Start of Dataset extract
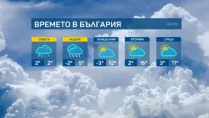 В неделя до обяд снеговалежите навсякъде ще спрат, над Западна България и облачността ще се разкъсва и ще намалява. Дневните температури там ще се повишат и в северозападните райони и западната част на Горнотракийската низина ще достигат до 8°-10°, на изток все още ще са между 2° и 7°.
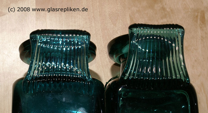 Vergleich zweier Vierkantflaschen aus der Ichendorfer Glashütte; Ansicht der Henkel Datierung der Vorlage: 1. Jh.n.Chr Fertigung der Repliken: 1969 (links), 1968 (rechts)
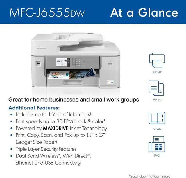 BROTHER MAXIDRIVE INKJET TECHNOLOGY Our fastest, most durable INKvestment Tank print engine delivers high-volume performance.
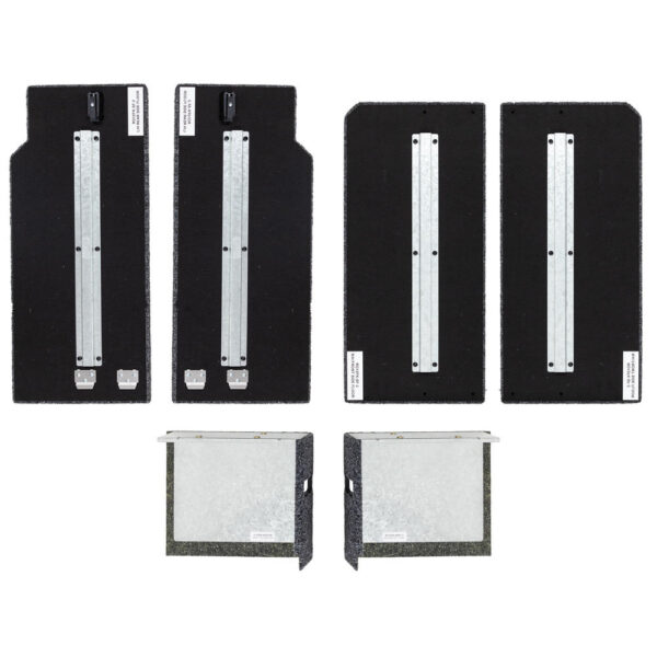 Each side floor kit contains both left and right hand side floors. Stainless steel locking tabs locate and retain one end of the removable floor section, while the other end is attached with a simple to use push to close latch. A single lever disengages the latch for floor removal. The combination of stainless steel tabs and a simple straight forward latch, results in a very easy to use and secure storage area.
End of Dataset extract
Start of Dataset extract
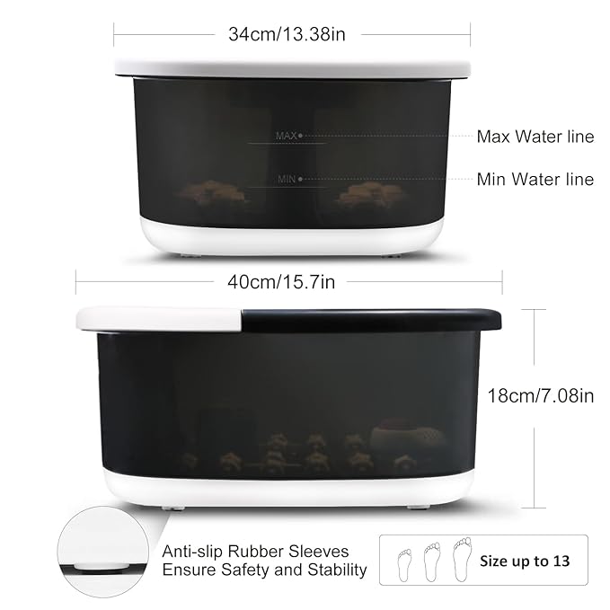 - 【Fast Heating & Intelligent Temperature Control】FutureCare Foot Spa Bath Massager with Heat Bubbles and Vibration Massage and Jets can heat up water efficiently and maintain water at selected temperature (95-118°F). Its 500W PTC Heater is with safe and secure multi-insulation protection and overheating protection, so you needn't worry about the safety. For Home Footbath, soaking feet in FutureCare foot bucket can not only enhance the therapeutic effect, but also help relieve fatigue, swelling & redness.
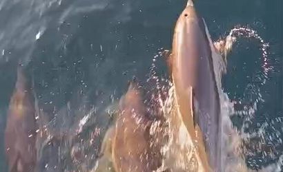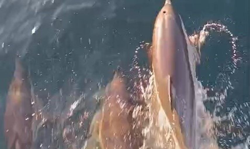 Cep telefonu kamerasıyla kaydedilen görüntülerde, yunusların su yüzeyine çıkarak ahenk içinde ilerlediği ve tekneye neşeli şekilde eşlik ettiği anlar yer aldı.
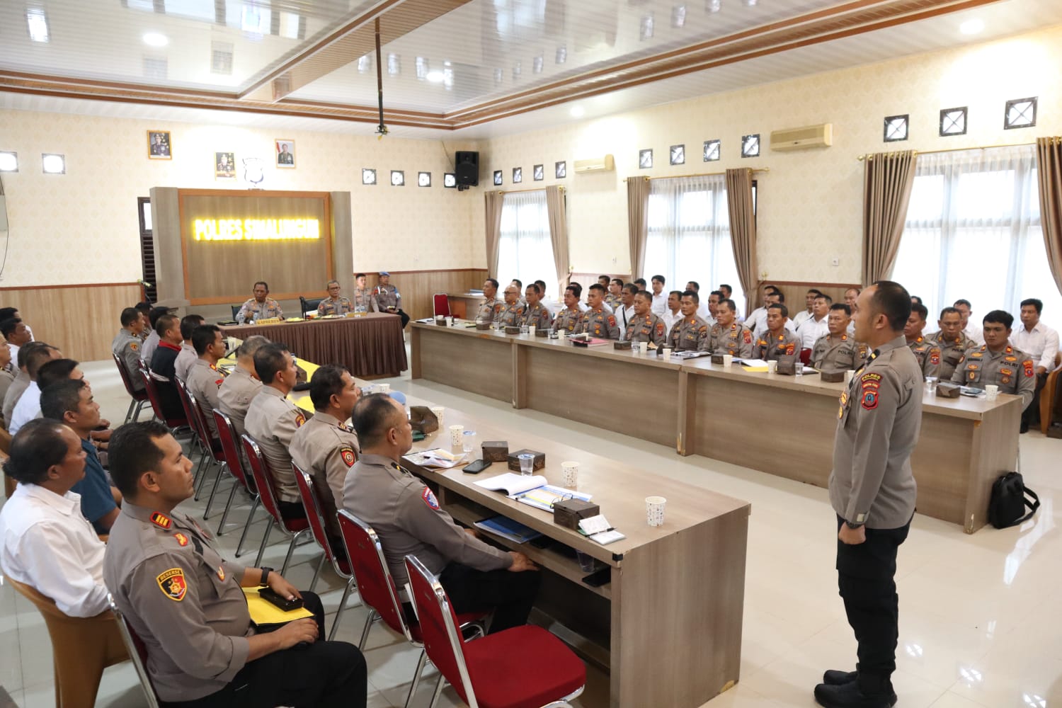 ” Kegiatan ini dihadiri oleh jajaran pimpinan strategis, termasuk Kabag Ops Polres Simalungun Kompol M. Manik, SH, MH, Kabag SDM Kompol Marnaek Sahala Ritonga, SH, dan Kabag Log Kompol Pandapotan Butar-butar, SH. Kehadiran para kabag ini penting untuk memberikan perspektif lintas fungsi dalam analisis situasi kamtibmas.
End of Dataset extract
Start of Dataset extract
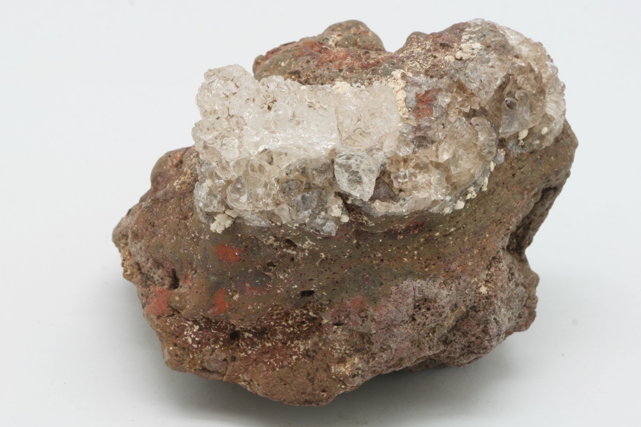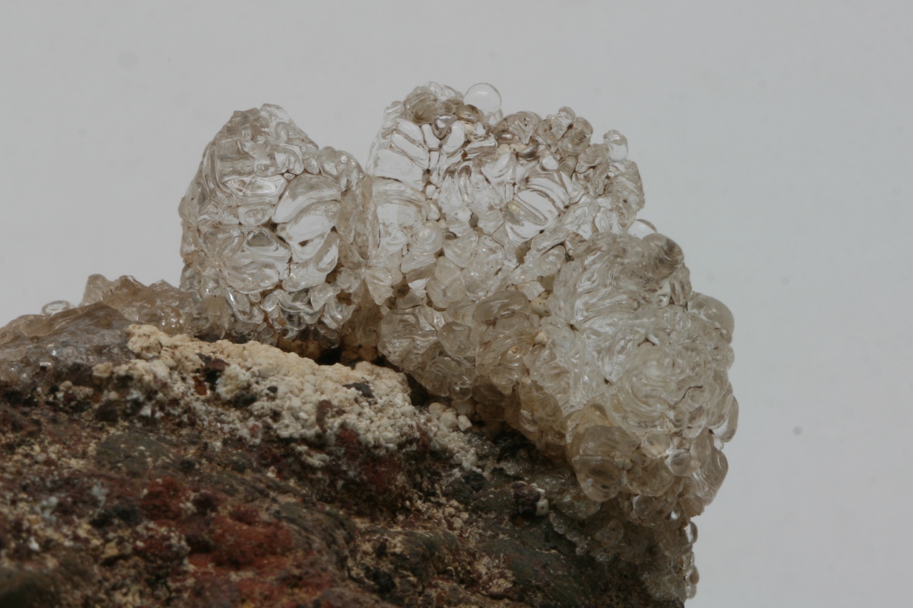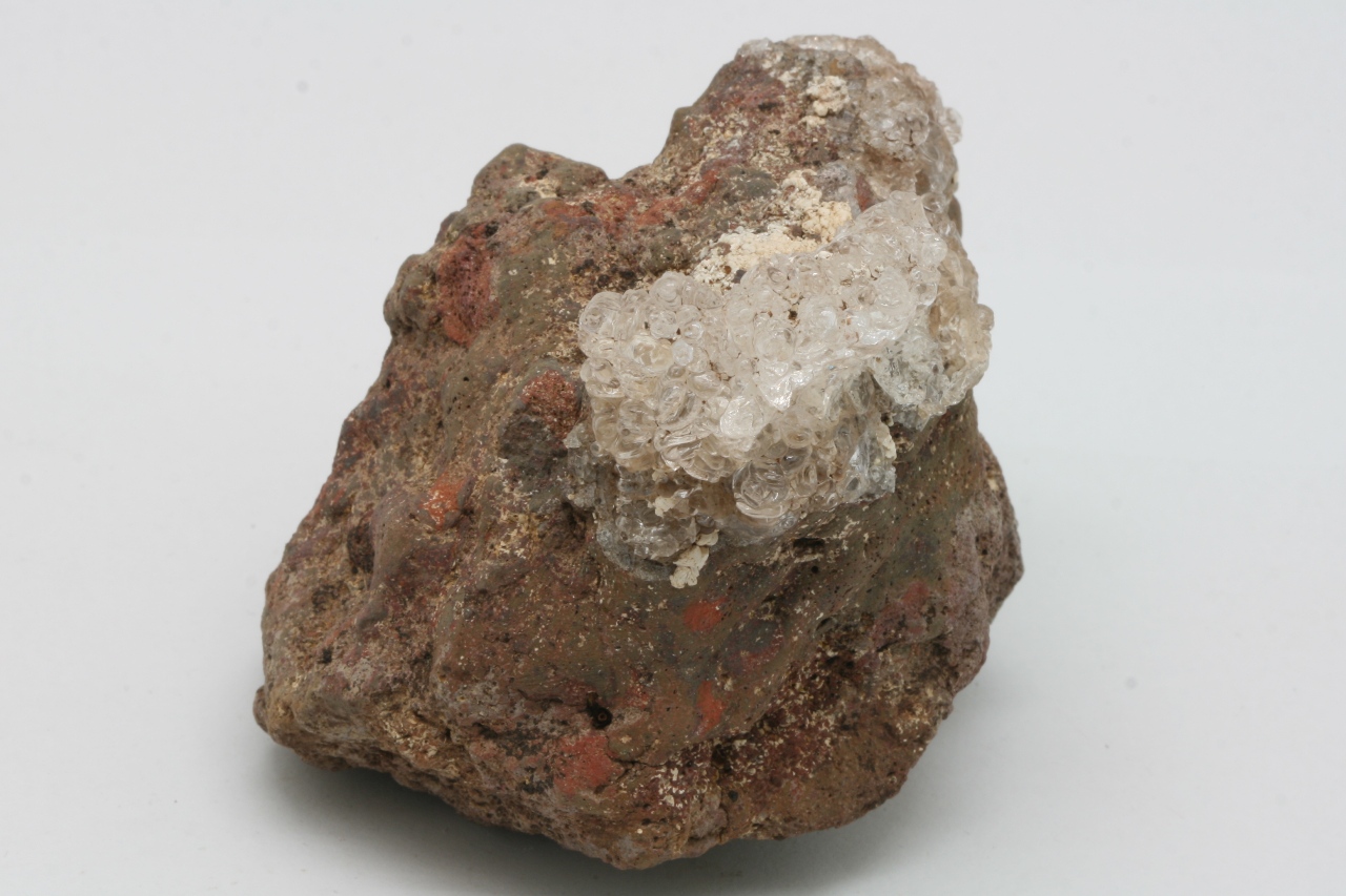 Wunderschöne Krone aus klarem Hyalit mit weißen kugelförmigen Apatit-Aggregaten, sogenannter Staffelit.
End of Dataset extract
→ **Work to be completed**
Nothing but the lines above from the line with "Vergleich zweier Vierkantflaschen" up to and including the line with "Each side floor" should be returned, exactly as written and without pictures.

→ **Result for this task**
 Vergleich zweier Vierkantflaschen aus der Ichendorfer Glashütte; Ansicht der Henkel Datierung der Vorlage: 1. Jh.n.Chr Fertigung der Repliken: 1969 (links), 1968 (rechts)
 BROTHER MAXIDRIVE INKJET TECHNOLOGY Our fastest, most durable INKvestment Tank print engine delivers high-volume performance.
 Each side floor kit contains both left and right hand side floors. Stainless steel locking tabs locate and retain one end of the removable floor section, while the other end is attached with a simple to use push to close latch. A single lever disengages the latch for floor removal. The combination of stainless steel tabs and a simple straight forward latch, results in a very easy to use and secure storage area.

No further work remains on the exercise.